Referring now to FIG. 10, a USB version of the hearing aid programming system is shown which connects directly to the USB port of a host computer via USB connector 350. The USB connection to the host computer provides power as well as the data and control signals to the hearing aid programming interface 316. The USB interface 316 is similar to that shown in FIG. 9, substituting USB interface chip 352 driven by microprocessor 354 for the serial interface 328. USB interface chips are commercially available from several companies, including Intel and Cypress.
Electrical isolation could also be provided by utilizing a wireless embodiment of FIG. 8 in which the host computer first interface is a wireless transmitter/receiver and the patient isolation block 330 of FIG. 9 is replaced with a wireless transmitter/receiver device. These wireless transmitter/receiver devices are commercially available from several companies, including Link Technologies and Digital Wireless Corporation. In the wireless version, interface 316 would contain a battery to provide power to interface 316.

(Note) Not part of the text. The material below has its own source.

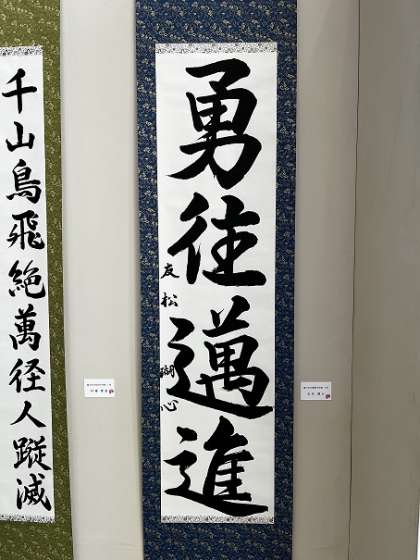 写真は、新聞部門、書道部門、手芸・被服部門の展示です。

Another improvement is the ability of the interface 304 to detect the type of hearing aid attached and verify it is programmed correctly to program that particular type of hearing aid. This can be done by selectively shorting 2 or more pins in the cable connecting the hearing aid to the interface 304. This can be done by connecting multiple pins of the cable together with wires or other components so as to uniquely identify the cable type. For example, pairs of pins can be shorted together to identify the cable. In the preferred embodiement, resistors of different values are used. In this embodiment, the resistor in the cable and another resistor in the programming interface work together to form a voltage divider. This voltage divider is driven by a voltage source on one pin and the resulting attenuated voltage is measured on another pin. This resultant attenuation of the signal is used to infer the value of the resistor in the cable. Many different values of resistors are possible, each one corresponding to a particular cable type. This embodiement can be seen with reference to FIG. 11, in which resistor 380 is in the cable and resistor 382 is in the programming interface 304, and these 2 resistors are connected to 2 pins on the cable to the hearing aid(s). The inferred value of resistor 380 may be used as an entry point for a look-up table which identifies the cable type.
It will be understood that this disclosure, in many respects, is only illustrative. Changes may be made in details, particularly in matters of shape, size, material, and arrangement of parts without exceeding the scope of the invention. Accordingly, the scope of the invention is as defined in the language of the appended Claims.